Ce n'est pas se rallier que de demander une taxe sur les transactions financières à la dernière idée fumeuse de la démondialisation, idée grotesque s'il en est, de ceux qui regrettent le temps où n'existaient dans le monde que la France, la Grande-Bretagne, l'Allemagne, l'Italie et l'Espagne. Qu'il était beau ce temps où les Africains devaient se taire, où l'Amérique latine n'avait pas droit à la parole et où l'ensemble de l'Asie était condamné à la pauvreté ! C'est ce monde-là que l'on veut ? Le monde du XIXe siècle ? Dans le monde d'aujourd'hui, dans la mondialisation d'aujourd'hui, tous les continents ont la parole et encore heureux ! A moins que l'on considère qu'en fonction de la couleur de sa peau, on a plus le droit à la parole que les autres ? De ce point de vue, la mondialisation qui oblige les grandes puissances d'hier à partager le pouvoir avec les puissances d'aujourd'hui et celles de demain, c'est un progrès. Mais qu'est-ce que l'on souhaite ? Que les Indiens et les Chinois ne souhaitent pas le développement pour que la moitié de leur population meure de faim ? Quel est l'avenir que l'on propose à deux milliards d'Africains ? Mais d'ailleurs, quand on imagine ce spectacle étrange d'un petit bout de France refusant la mondialisation, cela va impressionner l'Indonésie ! On voit la Chine trembler sur ses bases ! Et on voit l'Afrique qui espère tant en nous, nous regarder avec désespoir en demandant quand nous allons nous réveiller.
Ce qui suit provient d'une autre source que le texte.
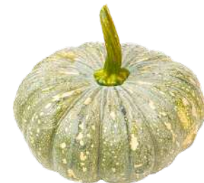
Pumpkin 87 Kg USD 36.76
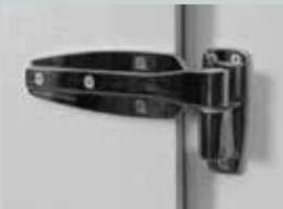
3 cam lift polished chrome hinges for even weight distribution
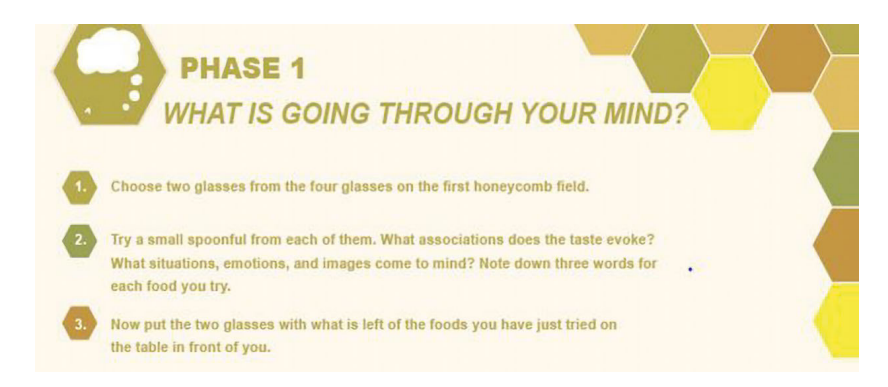
Figure 2: In every phase, the form gave instructions on how to conduct the experiments.

Mais à l'inverse, la mondialisation doit être encadrée, la mondialisation doit être régulée, la mondialisation doit obéir à des règles, parmi ces règles, il va y avoir, il doit y avoir une taxe sur les transactions financières. Et que l'on ne vienne pas me dire que l'on est d'accord avec cet objectif à la condition que le monde entier s'en dote. Cela suffit l'hypocrisie, si l'on attend que le monde entier s'en dote, il y a fort à parier que vos petits-enfants assisteront dans cette même salle au même discours.
La question, c'est : qui osera dire que la légitimité d'une taxation sur les transactions financières est contestable ? Qui osera dire à son opinion publique : « nous ne voulons pas taxer les transactions financières, car les milieux financiers se sont tellement bien comportés que l'on doit les récompenser » ? Qui osera porter ce message ? Mon espérance, c'est qu'il existe une opinion publique internationale qui portera la colère et la révolte pour des discours de cette nature.
En tout cas pour la France, sa détermination est totale et ce que nous souhaitons, c'est qu'au minimum un groupe de pays leaders se dotent d'une taxation sur les transactions financières et je suis persuadé que dans les semaines et les mois à venir, les opinions publiques des pays qui ne se seront pas dotés de cette règle interrogeront avec beaucoup de violence leur gouvernement en disant : « pourquoi refusez-vous de faire ce geste ? ».
Voilà, Mesdames et Messieurs,
J'aurais bien d'autres choses à vous dire, les sujets sont innombrables. Mais je pense, voyez-vous, que maintenant il n'est plus le temps des discours, il est le temps des décisions.
Je terminerai en vous disant ceci, la crise est une opportunité de décider plus vite, pas un prétexte à refuser la décision. C'est parce qu'il y a la crise que nous allons pouvoir prendre des décisions plus fortes, plus rapidement, plus structurellement. C'est parce qu'il y a la crise que l'on doit traiter tous les sujets en même temps, parce que tous les sujets se tiennent comme tous les pays sont solidaires face aux événements d'aujourd'hui.
Je vous remercie de votre attention.